* [Task details]:
Two lines in the data below mark the range: the one with "15㎝の角おりがみです。内容" and the one with "1)Fтх=m*g*Cos(a)=10,2*10*0,906=92.4". Return both, along with every line between them, exactly.

* [Information provided]:
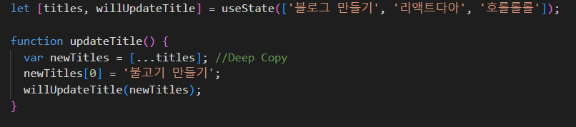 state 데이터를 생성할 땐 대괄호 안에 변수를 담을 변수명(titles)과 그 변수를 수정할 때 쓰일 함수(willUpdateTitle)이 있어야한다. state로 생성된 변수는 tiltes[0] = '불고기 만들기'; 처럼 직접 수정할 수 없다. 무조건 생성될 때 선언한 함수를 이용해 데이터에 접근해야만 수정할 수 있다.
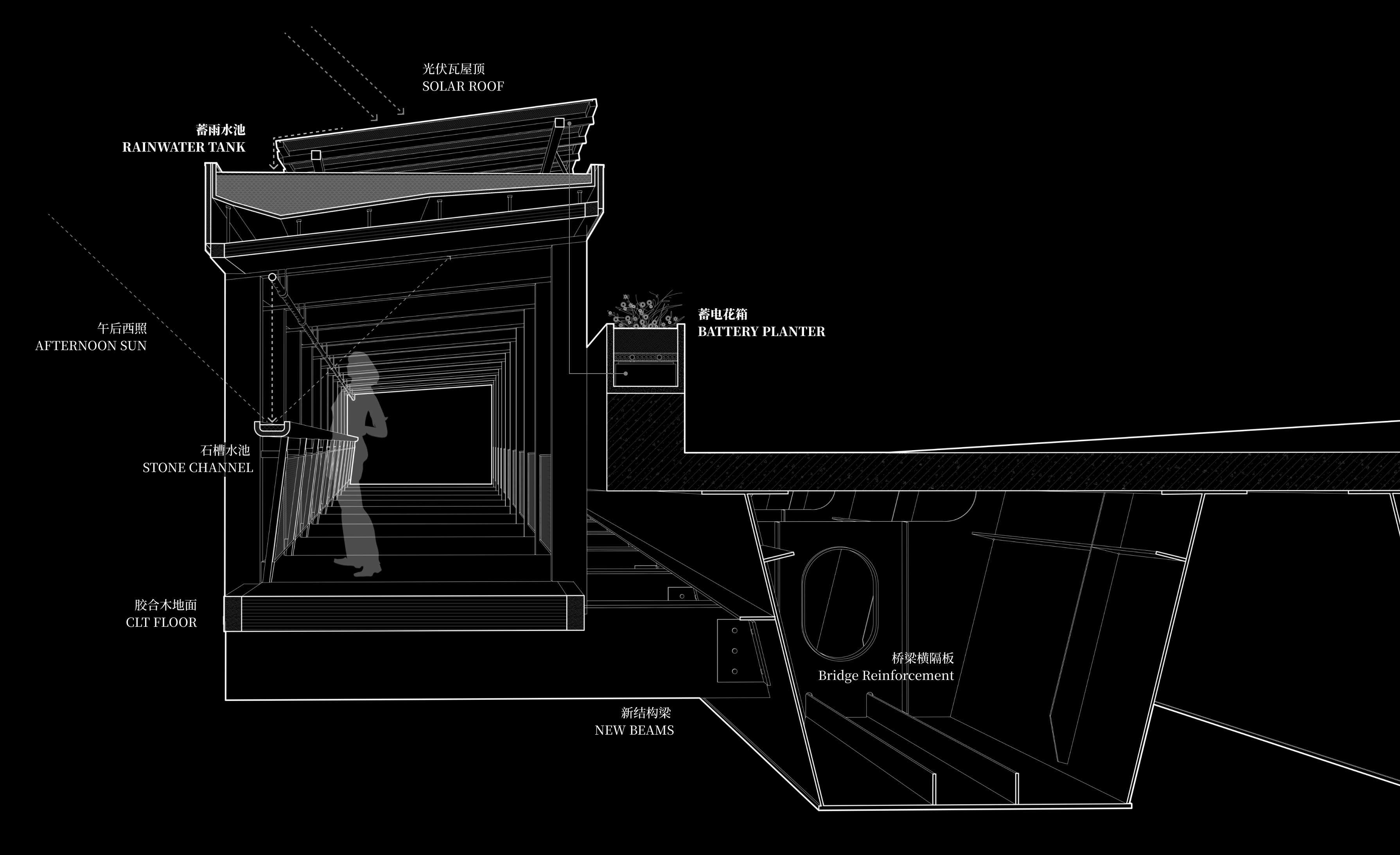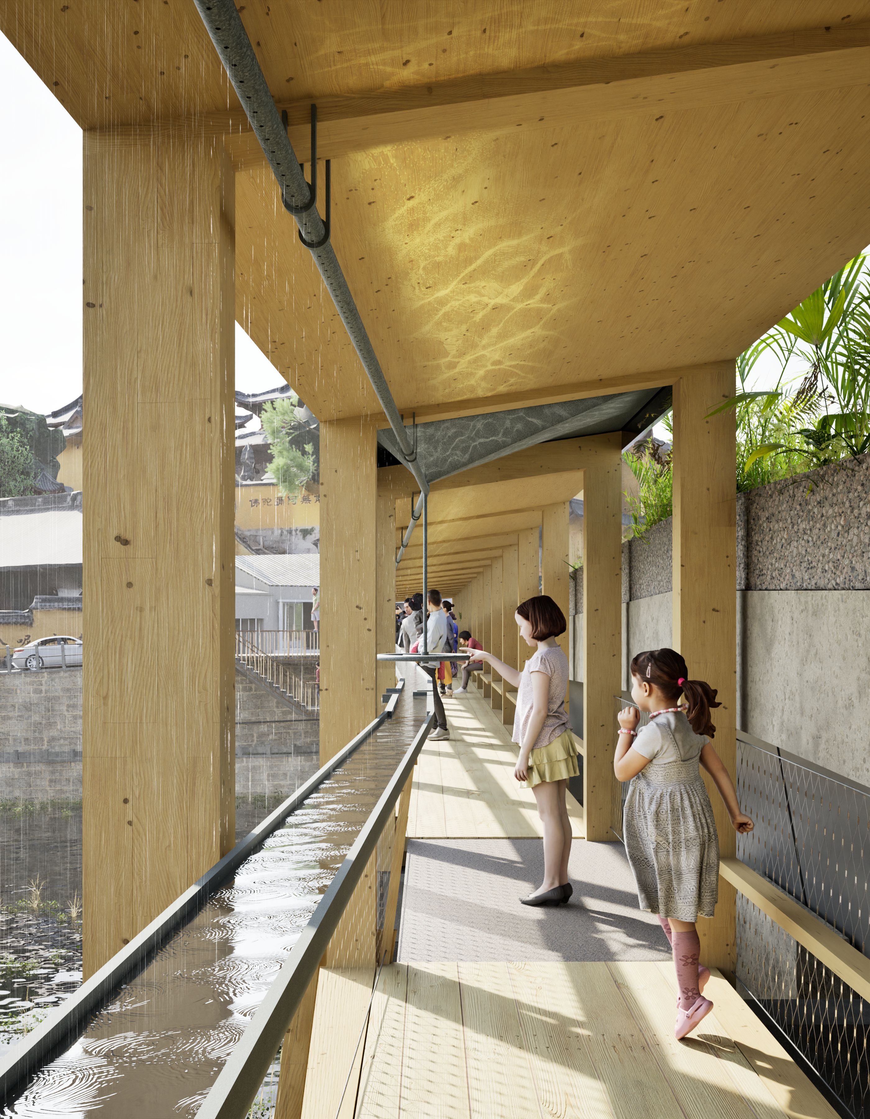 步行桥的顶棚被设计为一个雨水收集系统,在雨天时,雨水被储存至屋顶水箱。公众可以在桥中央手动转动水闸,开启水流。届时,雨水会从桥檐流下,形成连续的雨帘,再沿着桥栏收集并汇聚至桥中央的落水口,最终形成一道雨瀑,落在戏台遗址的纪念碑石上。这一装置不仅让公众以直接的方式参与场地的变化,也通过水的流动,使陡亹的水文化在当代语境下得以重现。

==

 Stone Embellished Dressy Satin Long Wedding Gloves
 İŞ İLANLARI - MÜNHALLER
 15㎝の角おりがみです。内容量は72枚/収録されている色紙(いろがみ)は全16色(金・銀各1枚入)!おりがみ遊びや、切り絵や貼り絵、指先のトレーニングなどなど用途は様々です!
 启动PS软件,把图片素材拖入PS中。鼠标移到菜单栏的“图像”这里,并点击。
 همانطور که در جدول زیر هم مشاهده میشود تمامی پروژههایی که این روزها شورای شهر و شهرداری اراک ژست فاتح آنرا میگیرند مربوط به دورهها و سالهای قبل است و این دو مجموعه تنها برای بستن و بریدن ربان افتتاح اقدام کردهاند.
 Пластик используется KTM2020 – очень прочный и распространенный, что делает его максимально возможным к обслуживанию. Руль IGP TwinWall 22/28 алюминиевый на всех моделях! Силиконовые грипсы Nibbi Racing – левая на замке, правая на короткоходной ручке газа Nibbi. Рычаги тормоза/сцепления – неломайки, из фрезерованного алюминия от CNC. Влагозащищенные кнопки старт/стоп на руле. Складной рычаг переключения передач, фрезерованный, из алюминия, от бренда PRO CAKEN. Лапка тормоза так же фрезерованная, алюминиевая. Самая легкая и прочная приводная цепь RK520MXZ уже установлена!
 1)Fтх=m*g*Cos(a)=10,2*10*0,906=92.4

* [Response to the exercise]:
 15㎝の角おりがみです。内容量は72枚/収録されている色紙(いろがみ)は全16色(金・銀各1枚入)!おりがみ遊びや、切り絵や貼り絵、指先のトレーニングなどなど用途は様々です!
 启动PS软件,把图片素材拖入PS中。鼠标移到菜单栏的“图像”这里,并点击。
 همانطور که در جدول زیر هم مشاهده میشود تمامی پروژههایی که این روزها شورای شهر و شهرداری اراک ژست فاتح آنرا میگیرند مربوط به دورهها و سالهای قبل است و این دو مجموعه تنها برای بستن و بریدن ربان افتتاح اقدام کردهاند.
 Пластик используется KTM2020 – очень прочный и распространенный, что делает его максимально возможным к обслуживанию. Руль IGP TwinWall 22/28 алюминиевый на всех моделях! Силиконовые грипсы Nibbi Racing – левая на замке, правая на короткоходной ручке газа Nibbi. Рычаги тормоза/сцепления – неломайки, из фрезерованного алюминия от CNC. Влагозащищенные кнопки старт/стоп на руле. Складной рычаг переключения передач, фрезерованный, из алюминия, от бренда PRO CAKEN. Лапка тормоза так же фрезерованная, алюминиевая. Самая легкая и прочная приводная цепь RK520MXZ уже установлена!
 1)Fтх=m*g*Cos(a)=10,2*10*0,906=92.4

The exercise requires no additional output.